EXERCISE | Pictures in the entries below are excluded; copy only the lines from the one containing "1月18日,中国驻约旦新任大" to the one containing "UEFI gives Asus’", both included.

DATASET ENTRIES |
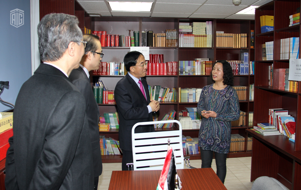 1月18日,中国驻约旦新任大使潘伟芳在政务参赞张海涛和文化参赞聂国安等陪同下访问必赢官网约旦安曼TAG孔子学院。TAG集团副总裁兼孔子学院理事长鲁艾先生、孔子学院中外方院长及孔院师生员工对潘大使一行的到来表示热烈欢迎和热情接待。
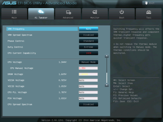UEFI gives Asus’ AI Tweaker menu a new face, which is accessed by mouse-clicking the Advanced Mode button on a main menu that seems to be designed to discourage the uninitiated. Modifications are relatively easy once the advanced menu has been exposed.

---

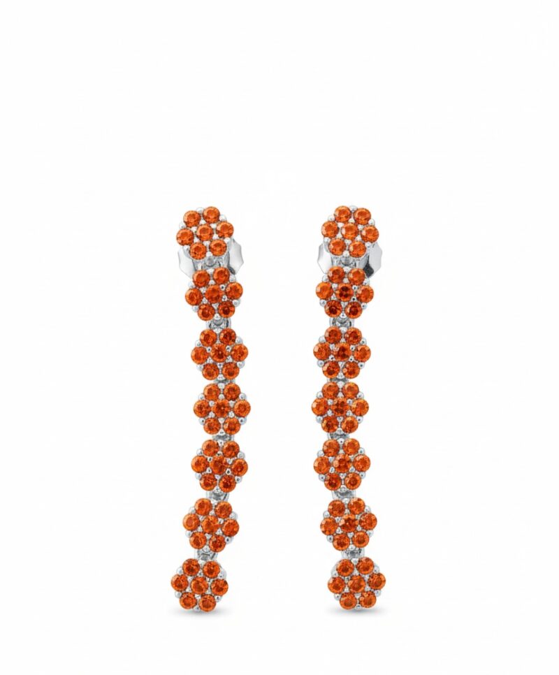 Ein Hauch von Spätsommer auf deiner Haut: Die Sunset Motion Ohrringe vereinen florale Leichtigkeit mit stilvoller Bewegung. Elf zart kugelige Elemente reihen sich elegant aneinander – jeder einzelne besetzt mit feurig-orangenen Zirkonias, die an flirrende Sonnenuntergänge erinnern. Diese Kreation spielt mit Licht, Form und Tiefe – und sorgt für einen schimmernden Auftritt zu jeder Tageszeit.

RESPONSE BOX |
 1月18日,中国驻约旦新任大使潘伟芳在政务参赞张海涛和文化参赞聂国安等陪同下访问必赢官网约旦安曼TAG孔子学院。TAG集团副总裁兼孔子学院理事长鲁艾先生、孔子学院中外方院长及孔院师生员工对潘大使一行的到来表示热烈欢迎和热情接待。
UEFI gives Asus’ AI Tweaker menu a new face, which is accessed by mouse-clicking the Advanced Mode button on a main menu that seems to be designed to discourage the uninitiated. Modifications are relatively easy once the advanced menu has been exposed.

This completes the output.